Capacity mechanisms, which are supposedly intended to ensure supply in case extra power is needed, have been wide-spread across the European Union and have become the largest single source of subsidies to power plants, adding almost €58 billion to energy bills of EU citizens. Coal power plants receive the vast majority of these massive public subsidies, despite their unprofitability and their harmful impacts on our climate, environment and health.

Avoid inefficient spending

In Bulgaria, consumers have spent €96 million since 2013 on capacity mechanisms. However, during the winter of 2017, the coal power stations that were being subsidised to provide electricity in emergency failed because the water needed to cool the plants was frozen. This came dangerously close to causing blackouts not only in Bulgaria, but across Southeast Europe.

In Poland, capacity mechanism support is designed to maintain the status quo in the country’s coal-based energy system. It is estimated that up to the year 2030 it would cost Polish taxpayers the staggering amount of even up to €14 billion. The vast majority of this sum will be used for life-extensions of existing coal plants but also for new coal.
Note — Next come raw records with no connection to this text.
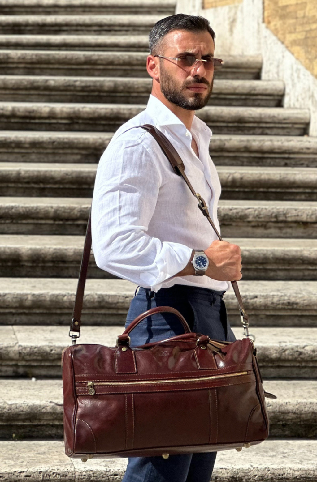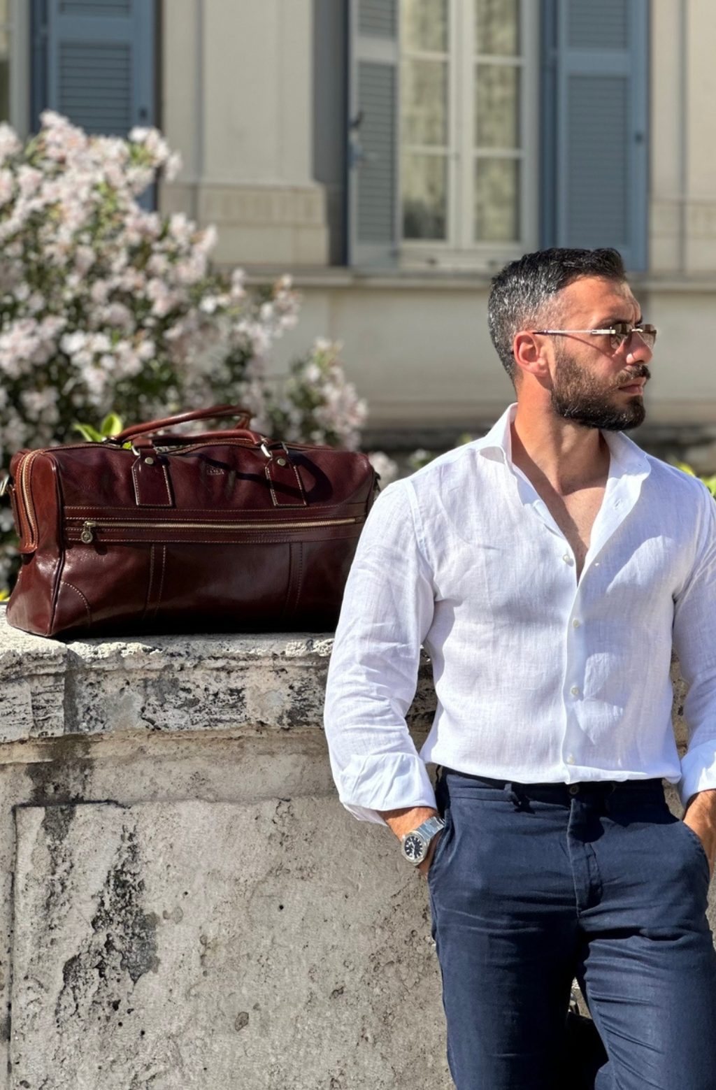 W mozaice podróży „To the Lighthouse” jawi się jako wierny towarzysz, cichy świadek czekających przygód. Wykonana z najwyższą starannością, jej solidna konstrukcja nie tylko sugeruje wytrzymałość, ale także zachęca do kolejnych podróży. Ozdobiona dwoma eleganckimi pionowymi skórzanymi paskami i wzmocnieniami w każdym rogu, łączy w sobie formę z funkcjonalnością, dodając odrobinę ponadczasowej elegancji do swojego projektu, a jednocześnie zapewniając dodatkowe wsparcie dla Państwa przedsięwzięć. W jej przestronnym wnętrzu, wśród dobrze znanych elementów, schronienie znajdują wspomnienia. Z każdym krokiem staje się czymś więcej niż tylko torbą; przekształca się w zaufanego powiernika, strażnika cennych chwil. Niech „To the Lighthouse” będzie Państwa wiernym towarzyszem podczas podróży po zawiłych ścieżkach życia, symbolem wytrzymałości pośród nieustannie zmieniających się krajobrazów wielkiej przygody, jaką jest życie.
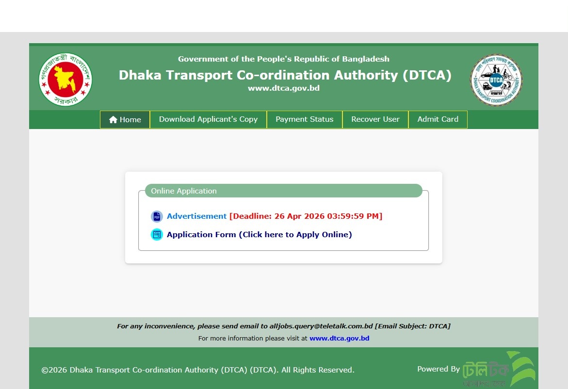 See/download the Dhaka Transport Coordination Authority (DTCA) Job Circular 2026, Job Apply Instructions,  Job Application Form, Application Fee, Payment Process, Salary, Age, and Other Information from the images below:
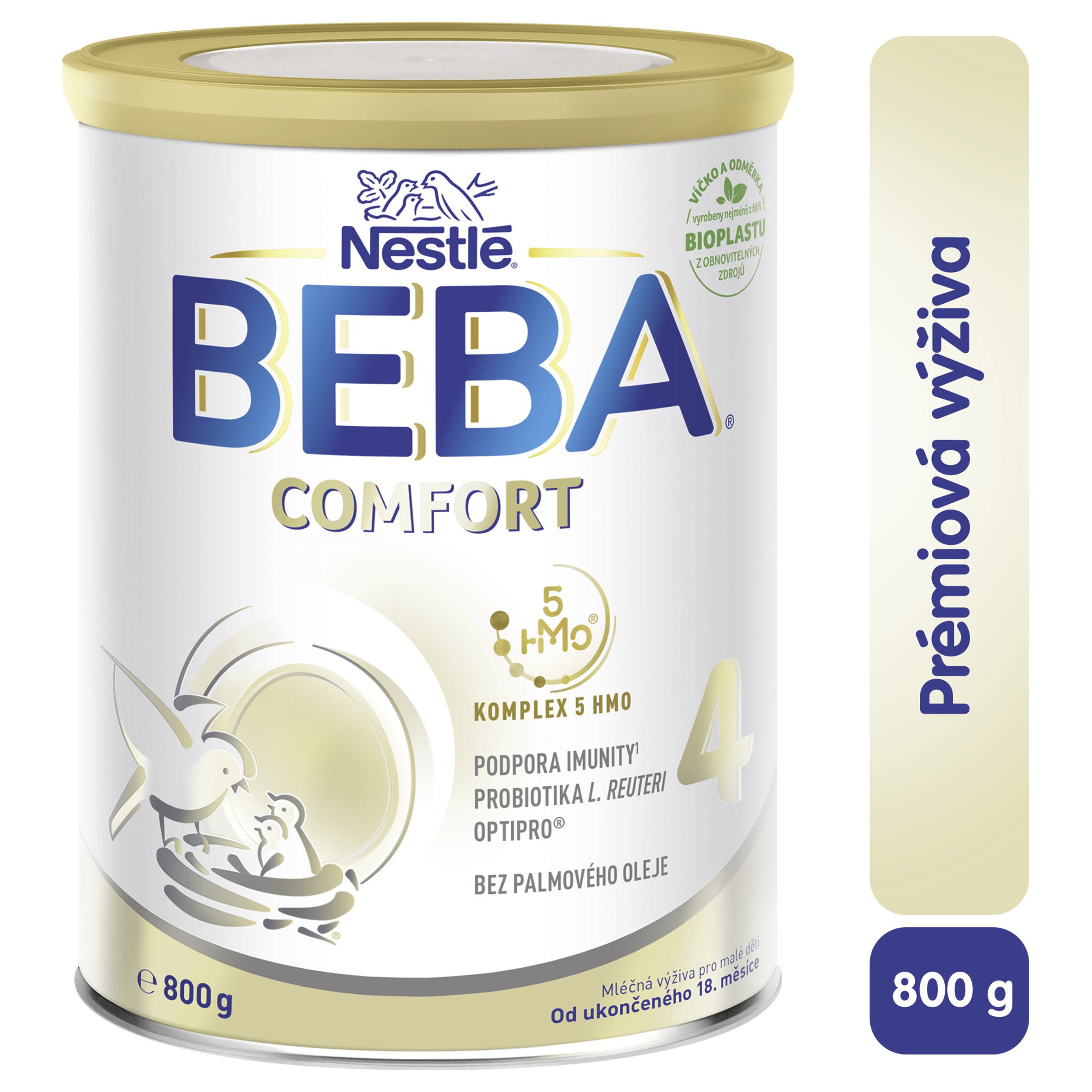 Důležité upozornění: Nestlé BEBA COMFORT 4, 5 HMO mléčná výživa pro malé děti, s bakteriemi mléčného kvašení L. reuteri, obohacená vitamíny a minerálními látkami. Instantní. Od ukončeného 18. měsíce. Není určena pro výživu kojenců do 12 měsíců. Potravina by mela být pouze součástí smíšené a vyvážené stravy dítěte. Komplex 5 HM-O je směs pěti oligosacharidů (2´FL/DFL, LNT, 6´SL, 3´SL) po vzoru mateřského mléka. Vitamíny A, C, D se podílejí na normálním fungovaní imunitního systému. OPTIPRO® je speciální proces k získání směsi bílkovin s cílem přiblížit se mateřskému mléku. L reuteri jsou bakterie, které se nacházejí ve střevní mikroflóře kojených dětí. COMFORT pro spokojené bříško vašich miminek. Bez palmového oleje.

The most stunning example in Poland is the plan to grant a 15-year long contract to subsidise the construction of a new one gigawatt hard coal plant called Ostroleka C. This comes despite the demonstrated unprofitability of the investment which is projected to cause €1.7 billion losses, despite the protest of environmental groups and despite the legal action launched against the project by the workers of one of the utilities building the power plant, who are concerned about negative impacts on their company and jobs.
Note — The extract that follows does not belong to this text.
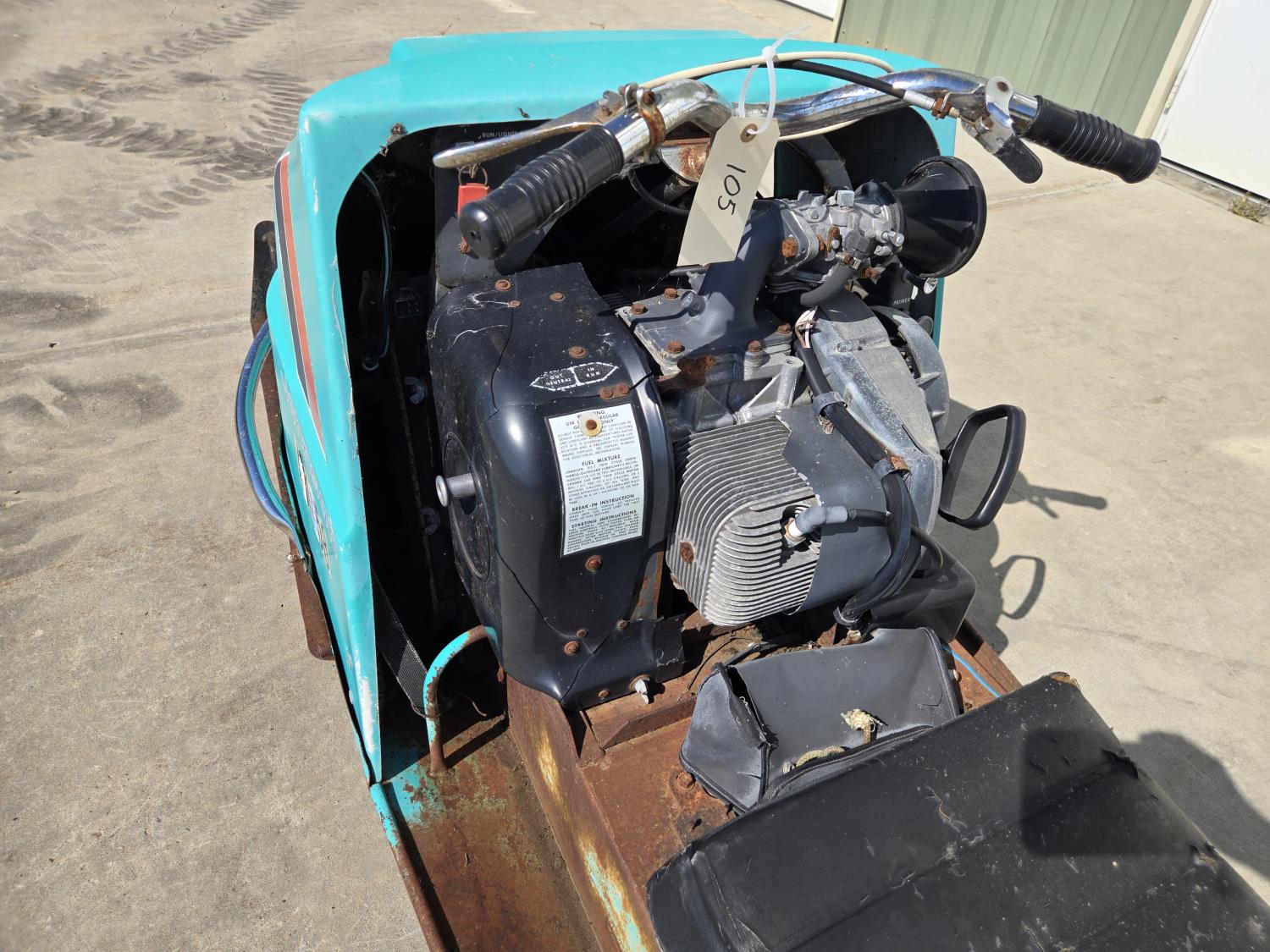 complete less windshield, turns over, 15 inch track. ***USA and Eastern Canada buyers shipping can be available. Call Lorne for further discussion. This sale is in Canadian dollars

EU can recover its climate leadership

Avoiding the most dangerous impacts of climate change is still possible, but only through an unprecedented shift towards a zero carbon economy. This begins with phasing out coal power plants. Nevertheless, as long as capacity mechanisms continue to subsidise coal plants it remains hard to imagine a real energy transformation. That’s why it is now high time that in the ongoing negotiations on the new European electricity market the EU corrects its faulty rules and ensures that the biggest polluters are precluded from receiving public money.

Such a positive step would contribute to elevating the EU’s climate leadership during the upcoming COP in Katowice. Should the bloc fail to agree on the obvious – to end coal subsidies – it will seriously undermine its climate credibility on the international scene.